Jakie największe wyzwanie przyniesie handlowcom rok 2021?

Obserwuję siebie, moich znajomych i kolegów z pracy, na ten moment nie ma nic trudniejszego niż motywacja. Chęci, działanie, bycie proaktywnym i zawsze pozytywnie nastawionym - to wszystko można bardzo szybko zgubić, szczególnie wtedy, kiedy jest się samemu ze swoimi KPI, taskami czy problemami. Praca zdalna i spotkania online już na zawsze wejdą do naszych codziennych aktywności.

Kolejną kwestią towarzyszącą jest obecność w świecie online, w szerokim wymiarze. Od znajomości przynajmniej kilku programów do video calli, aż po świadomą obecność handlowca w mediach społecznościowych. Dziś nasi klienci w pierwszej kolejności wpisują nasze nazwiska - to jedyna szansa, żeby nas zobaczyć. Jeśli w wyniku wyszukiwania, nie uda im się wyświetlić handlowca, to jest źle, ale może być gorzej, gdy na naszym profilu publicznie udostępniamy poglądy polityczne, wyrażone wulgaryzmami, czy zdjęcia z ostatnich, zakrapianych imprez.

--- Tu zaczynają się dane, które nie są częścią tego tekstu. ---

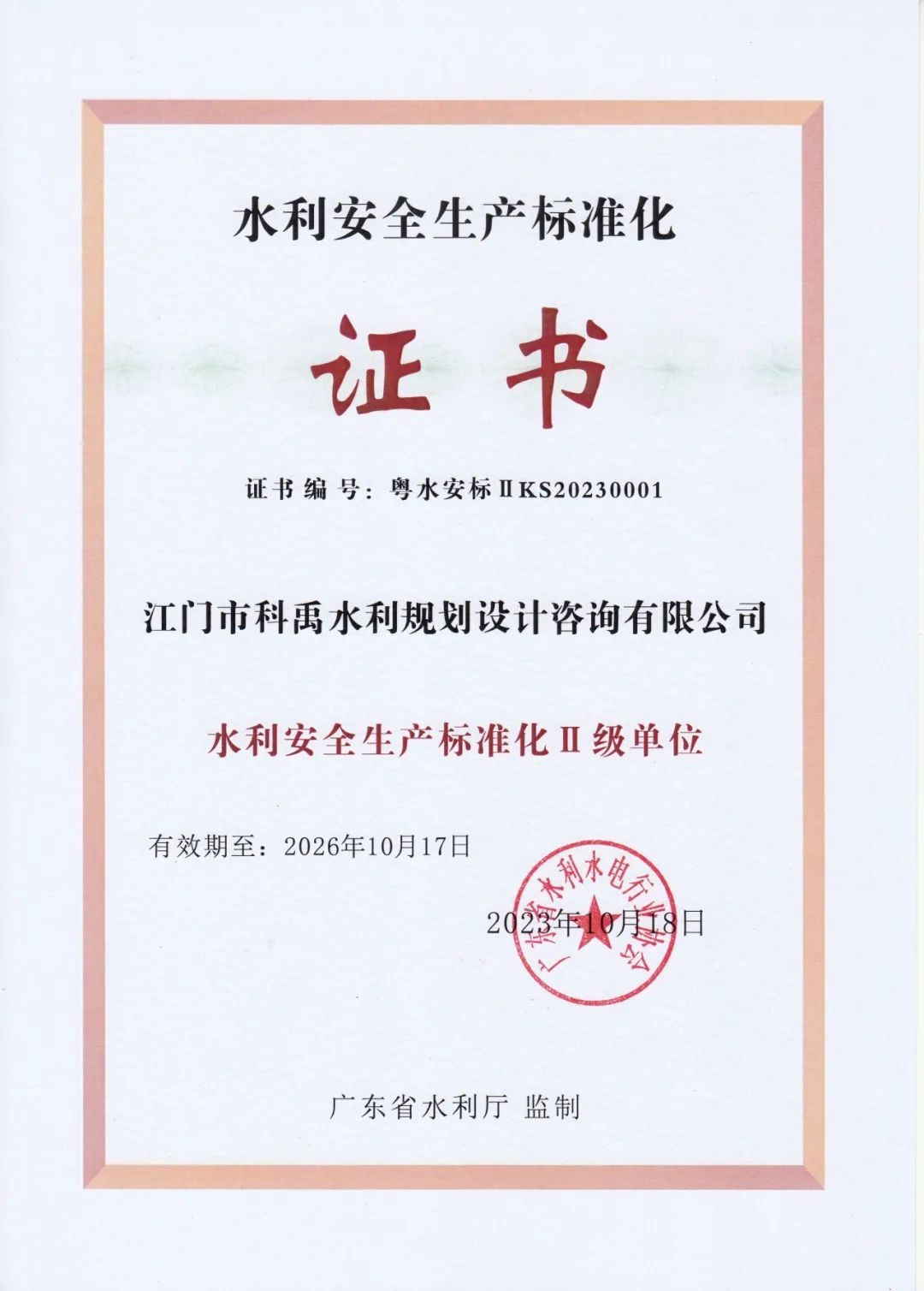 近日,我公司順利通過廣東省水利安全生產(chǎn)標準化二級達標評審,成功獲評“水利安全生產(chǎn)標準化二級單位”。

Dziś granice pomiędzy życiem prywatnym a zawodowym zacierają się jeszcze bardziej. W sieci reprezentujemy swoje nazwisko i naszego pracodawcę - w każdym miejscu, bez wyjątków. 

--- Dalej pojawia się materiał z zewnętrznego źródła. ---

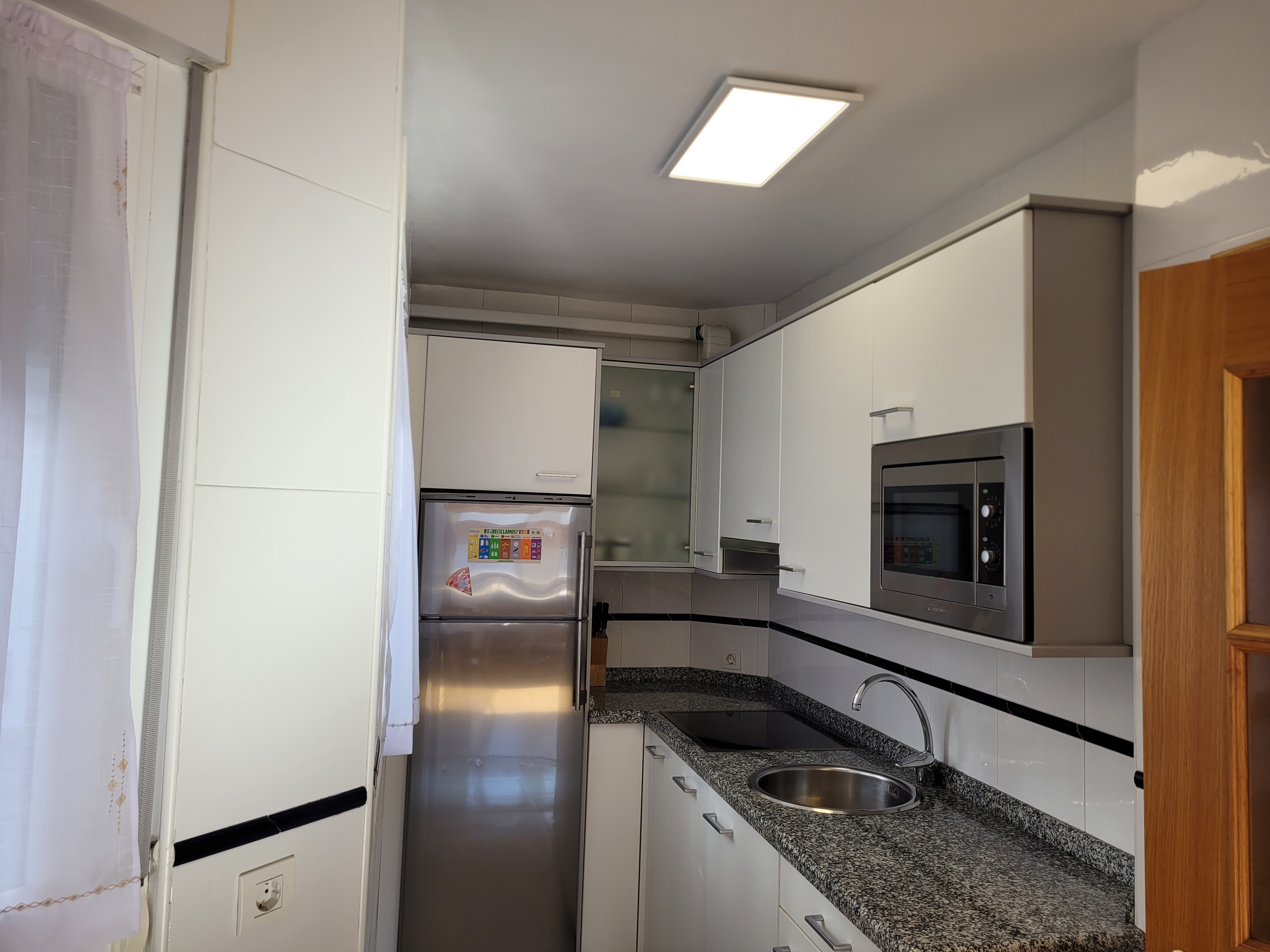 La cocina está totalmente equipada con los principales electrodomésticos tales como frigorífico tipo combi, vitrocerámica, lavavajillas, lavadora, microondas, campana extractora… y además dispone de pequeño electrodoméstico como cafetera, batidora, tostadora y exprimidor. El apartamento está equipado de vajilla, cristalería y cubertería, así como todo el menaje necesario para cocinar.

Na co w pierwszej kolejności powinniśmy zwracać uwagę w zarządzaniu sprzedażą / zespołem handlowców w 2021?

“Home office”, te dwa słowa budzą wiele skrajnych emocji, ile osób, tyle opinii na temat pracy zdalnej. Z perspektywy dyrektora sprzedaży - trochę trudniej zarządzać ludźmi, których nie ma się “pod ręką”. Zdecydowanie lepiej poświęcić więcej czasu na podtrzymanie team spirit oraz tego, co dało się osiągnąć na przerwie przy ekspresie do kawy - to ważny update z tego, co dzieje się w firmie ;) 

Dowożenie celów też stoi pod znakiem zapytania. Teoretycznie handlowiec może przeprowadzać więcej spotkań, ale klienci nie zawsze przychodzą na video, ponieważ jest mniej zobowiązujące, niż spotkanie na żywo. Z perspektywy klienta jest tak, że jeśli nie pojawi się o umówionej godzinie, to przecież nic się nie stało, ten człowiek nie musiał nigdzie jechać, fatygować się. W dodatku argument “mamy teraz Covid i wiadomo jak jest” często zamyka drogę do dalszych negocjacji, bo handlowiec staje się zbyt empatyczny. 

Pakiet szkoleń i dzielenia się wiedzą powinien obejmować to, z czym aktualnie borykają się handlowcy, np. higiena pracy podczas HO, jak prowadzić spotkania online, jakie treści postować w social media. Znam kilka firm, które od samego początku pracują zdalnie, one dają radę, stąd case, na którego przykładzie możemy się uczyć, np. Nozbe od 13 lat pracuje zdalnie. 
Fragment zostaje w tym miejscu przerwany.